The White House will host technology companies to discuss enhancing open source software security amid Log4j vulnerability
The White House on Thursday is hosting leading technology companies, along with a number of relevant government agencies, to discuss ways to improve the security of open source software libraries, with senior administration officials calling it a “key national security issue.”
Meetings with the Biden administration will be representatives from Akamai, Amazon, Apache Software Foundation, Apple, Cloudfare, Facebook / Meta, GitHub, Google, IBM, Linux Open Source Foundation, Microsoft, Oracle, RedHat and VMWare.
They will discuss how new private-public cooperation can “quickly drive improvements”[ads1]; in security.
CHINESE AND IRANIAN HACKERS TAKE LOG4J COMPUTER ERRORS, LOVING HUNDREDS OF MILLIONS
Together with White House business leaders, senior executives and senior open source software experts from leading agencies, including the Department of Commerce and Homeland Security, the Pentagon, the Cybersecurity and Infrastructure Security Agency, the Department of Energy and more.
Anne Neuberger, Deputy National Security Adviser for Cyber and New Technologies, is expected to host the meeting.
The meeting is intended to focus on President Biden’s executive order on cyber security, a senior administration official told Fox Business. This order focused on software security and drove a number of efforts across the US government and in the private sector.
The official said the administration expects “further discussions” with the companies and other organizations not represented. The White House invited major software companies and developers to discuss initiatives to improve open source security last month.
“Open source software has accelerated the pace of innovation and has led to enormous societal and economic benefits, but the fact that it is widely used and maintained by volunteers is a combination that is a key national security issue, as we experience with log4j vulnerability,” said a senior administration officer.

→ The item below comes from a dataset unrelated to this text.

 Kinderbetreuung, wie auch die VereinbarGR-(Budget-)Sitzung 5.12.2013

MICROSOFT SAYS RUSSIAN GROUP BEHIND SOLARWINDS ATTACK NOW MEASURES THE SUPPLY CHAIN
“Software security is critical to our national and economic security,” the official continued, noting that recent incidents, including the SolarWinds hack, serve as “recent reminders that strategic opponents are actively exploiting vulnerabilities for malicious purposes.”

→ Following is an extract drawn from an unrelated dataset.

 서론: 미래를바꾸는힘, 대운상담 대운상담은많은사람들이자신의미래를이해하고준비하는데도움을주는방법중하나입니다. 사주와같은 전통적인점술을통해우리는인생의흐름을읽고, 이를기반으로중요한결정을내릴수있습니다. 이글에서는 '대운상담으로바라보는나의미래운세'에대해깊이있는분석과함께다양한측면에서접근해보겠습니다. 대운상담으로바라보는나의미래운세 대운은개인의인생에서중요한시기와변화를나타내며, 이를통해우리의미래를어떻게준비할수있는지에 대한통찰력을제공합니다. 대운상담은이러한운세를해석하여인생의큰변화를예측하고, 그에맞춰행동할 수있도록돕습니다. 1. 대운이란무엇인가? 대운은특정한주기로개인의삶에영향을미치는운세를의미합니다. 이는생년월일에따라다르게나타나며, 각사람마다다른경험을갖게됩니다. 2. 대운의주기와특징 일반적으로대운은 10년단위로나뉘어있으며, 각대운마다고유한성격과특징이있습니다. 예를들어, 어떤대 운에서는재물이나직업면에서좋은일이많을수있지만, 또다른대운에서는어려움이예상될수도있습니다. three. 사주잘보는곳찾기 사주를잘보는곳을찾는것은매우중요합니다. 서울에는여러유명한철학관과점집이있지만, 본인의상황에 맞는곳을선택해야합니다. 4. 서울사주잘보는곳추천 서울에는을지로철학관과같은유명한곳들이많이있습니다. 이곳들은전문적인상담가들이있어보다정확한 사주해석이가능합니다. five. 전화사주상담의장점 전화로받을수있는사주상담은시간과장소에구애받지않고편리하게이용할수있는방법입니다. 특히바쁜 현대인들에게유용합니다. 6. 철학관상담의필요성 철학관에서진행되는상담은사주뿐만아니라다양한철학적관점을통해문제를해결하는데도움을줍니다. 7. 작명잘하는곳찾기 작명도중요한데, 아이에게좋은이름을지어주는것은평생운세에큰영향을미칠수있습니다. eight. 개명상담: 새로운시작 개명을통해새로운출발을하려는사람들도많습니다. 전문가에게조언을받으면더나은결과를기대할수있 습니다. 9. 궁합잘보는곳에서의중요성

Last month, officials discovered a vulnerability in software known as “Log4j”, which they said presents “an urgent challenge for network defenders given its widespread use”.

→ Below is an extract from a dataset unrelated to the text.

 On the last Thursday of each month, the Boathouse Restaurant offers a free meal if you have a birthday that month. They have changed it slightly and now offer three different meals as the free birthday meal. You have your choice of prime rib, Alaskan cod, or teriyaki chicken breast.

Log4j is a bug that allows Internet-based attackers to easily take control of everything from industrial control systems to web servers and consumer electronics. Just identifying which systems use the tool is a challenge; it is often hidden under layers of other software.
CLICK HERE TO READ MORE ABOUT FOX BUSINESS
The affected software, written in the Java programming language, logs user activity. Developed and maintained by a handful of volunteers under the auspices of the open source Apache Software Foundation, it is very popular with commercial software developers. It runs across many platforms – Windows, Linux, Apple’s MacOS – that power everything from webcams to car navigation systems and medical devices, according to security firm Bitdefender.
CISA officials said the vulnerability posed a “serious risk” and called on private sector organizations to work with the federal government to take action.
The Associated Press contributed to this report.